I bought a 7D recently and the return warranty period is over tomorrow. My main focus is lakes, rivers, forests, nature, wildlife, landscapes, cityscapes, sunsets, sunrises. I'm familiar with the crop/full frame, lens cost, etc, debates.  Let's forget about my end user skills and focus on brute technical abilities of the camera. And with that in mind, will the 5D3 give me better results than the 7D? Thank you so much for your comments.


----------



## shefjr (Jan 16, 2013)

I don't know Canon so I can't specifically address what you should do. I can tell you that if I were considering buying a Nikon (what I shoot) I would choose something with higher-ish fps because of the wildlife as part of your main focus. If however you eliminate that one factor I would probably go with something that has higher MPs (for detail) and wouldn't be concerned with the fps. 
This is of course my opinion and due to the fact that I don't shoot Canon I can't really help you much more than this. I'm hoping this is a little bit of a bump for your thread so that maybe another Canon user can help you further. Good luck with whatever you decide.


----------



## dmunsie (Jan 16, 2013)

Cheers shefjr   I've been researching all day and everything now is pointing towards 2 things. Get the 5D for landscape and keep the 7D for pretty much everything else.  At this point though it's looking like the 5D is the obvious choice for my long term goals.


----------



## gw2424 (Jan 16, 2013)

I wouldn't necessarily look at the 5d mark III. The Mark 2 or Classic (Mark 1) would do just fine.

Good Luck


----------



## shefjr (Jan 16, 2013)

dmunsie said:


> Cheers shefjr   I've been researching all day and everything now is pointing towards 2 things. Get the 5D for landscape and keep the 7D for pretty much everything else.  At this point though it's looking like the 5D is the obvious choice for my long term goals.

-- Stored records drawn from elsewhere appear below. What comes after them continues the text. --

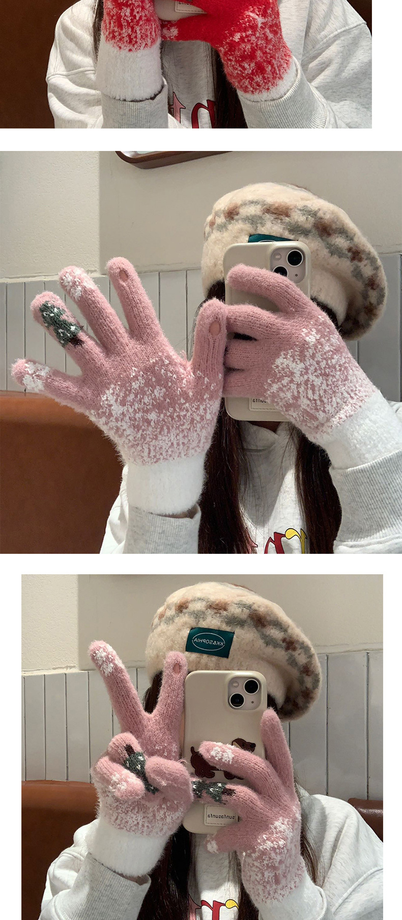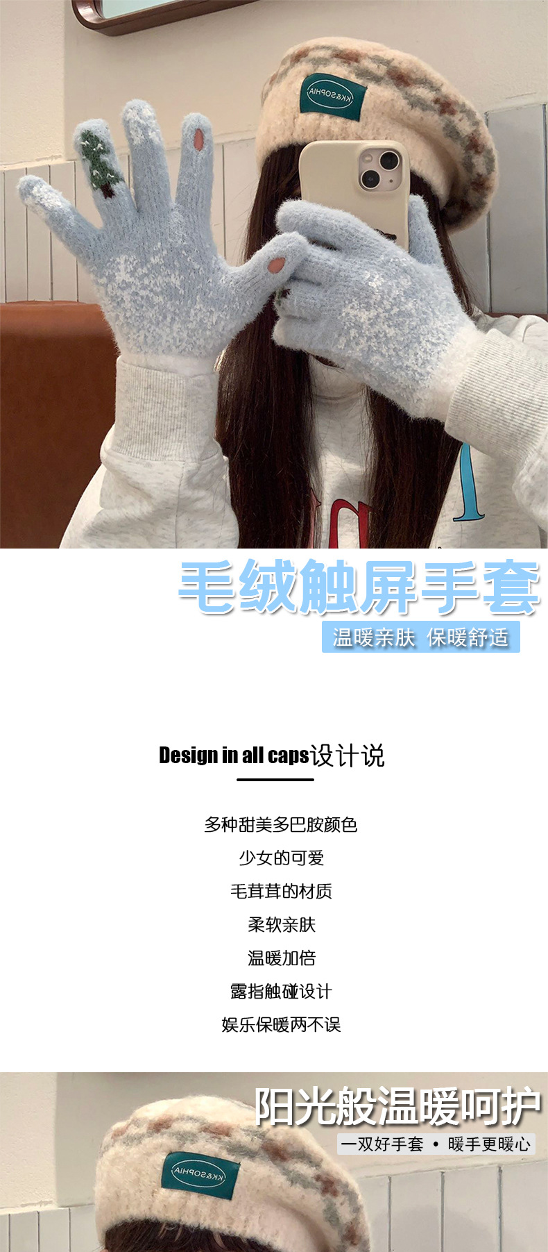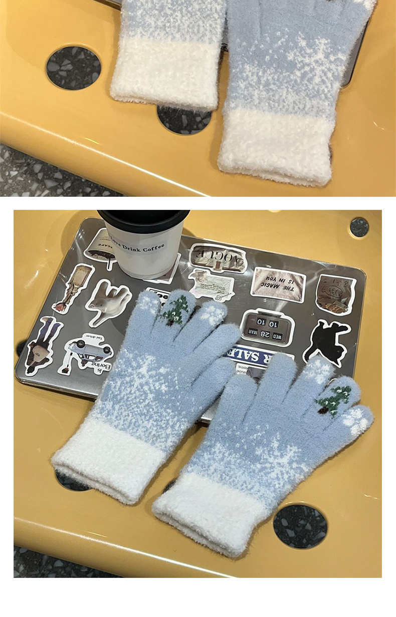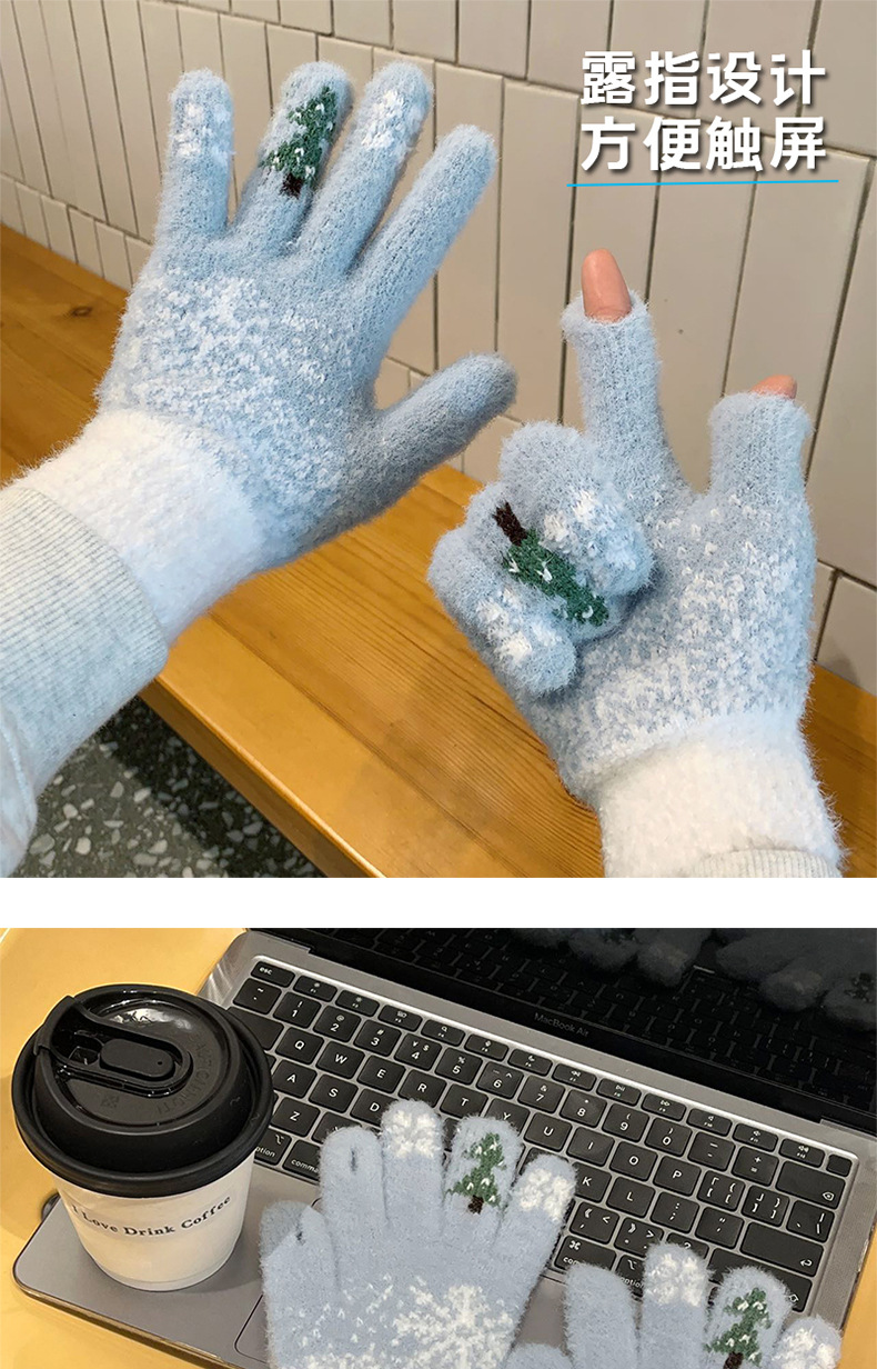 이슬 두 손가락 장갑 여성의 가을과 겨울 2024 새로운 크리스마스 따뜻한 기모 귀여운 학생 다섯 손가락 방풍 터치 스크린
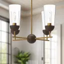 The Emil chandelier beautifully blends natural walnut wood with aged gold metallic accents, creating a versatile fixture that transitions seamlessly from modern Scandinavian to rustic cottage aesthetics. At 25 inches, it's perfectly sized for medium spaces.
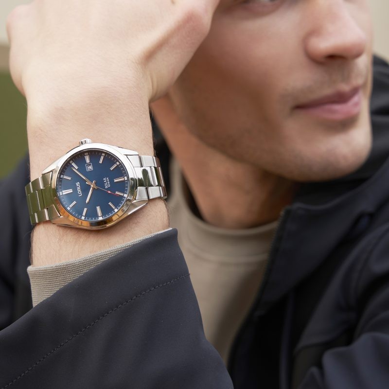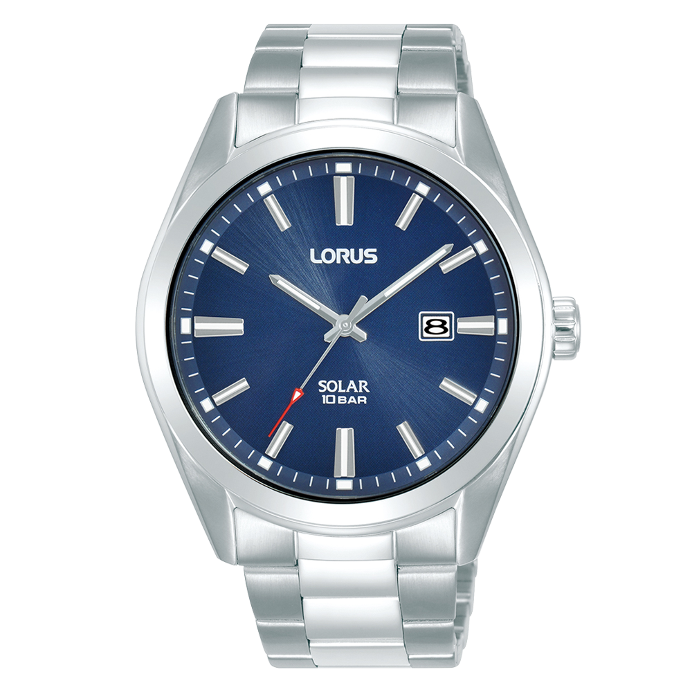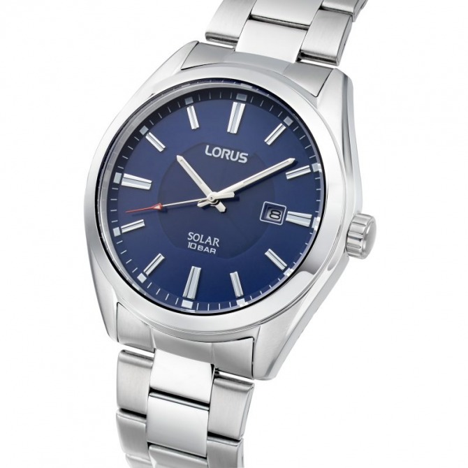 Solar charging from any light source – artificial and natural light – ensures both reliability and convenience. Showcasing a dark blue sunray dial, its stainless steel case combines durability with a sleek, contemporary look. The watch is complemented by a stainless steel bracelet; the finishing touch to its timeless design.

Well, I'm glad you were able to find your own answers. I find that for me sometimes it is better to do my own research as opposed to relying on other peoples opinion(I do this too much).


----------



## kathyt (Jan 16, 2013)

I am really enjoying the expanded possibilities of the Mark III. I really think they have went above and beyond with this camera. Go big or go home. If your budget allows of coarse.


----------



## nycphotography (Jan 16, 2013)

dmunsie said:


> I bought a 7D recently and the return warranty period is over tomorrow. My main focus is lakes, rivers, forests, nature, wildlife, landscapes, cityscapes, sunsets, sunrises. I'm familiar with the crop/full frame, lens cost, etc, debates.  Let's forget about my end user skills and focus on brute technical abilities of the camera. And with that in mind, will the 5D3 give me better results than the 7D? Thank you so much for your comments.



I'm assuming you already have all the best glass?  Because if not, that's a much better place to put you money than a new body is.


----------



## sovietdoc (Jan 17, 2013)

dmunsie said:


> I bought a 7D recently and the return warranty period is over tomorrow. My main focus is lakes, rivers, forests, nature, wildlife, landscapes, cityscapes, sunsets, sunrises. I'm familiar with the crop/full frame, lens cost, etc, debates.  Let's forget about my end user skills and focus on brute technical abilities of the camera. And with that in mind, will the 5D3 give me better results than the 7D? Thank you so much for your comments.



Short answer?  Yes.


----------



## dmunsie (Jan 17, 2013)

Thanks for the comments. I'm keeping the t3i since I have a 500mm sigma lens for it. But the 7D is going back and later today I'll be the proud owner of a 5D Mark III.


----------



## Solarflare (Jan 17, 2013)

Congrats !

Ken Rockwell claims the 5D3 ist "the best digital single-lens reflex camera".

I dont know much else, I'm shooting Nikon.


----------



## gw2424 (Jan 17, 2013)

You quoted...KR!?!?!?

:madmad:


----------



## gsgary (Jan 17, 2013)

Solarflare said:


> Congrats !
> 
> Ken Rockwell claims the 5D3 ist "the best digital single-lens reflex camera".
> 
> I dont know much else, I'm shooting Nikon.




That bloke knows less than you


----------



## kathyt (Jan 17, 2013)

dmunsie said:


> Thanks for the comments. I'm keeping the t3i since I have a 500mm sigma lens for it. But the 7D is going back and later today I'll be the proud owner of a 5D Mark III.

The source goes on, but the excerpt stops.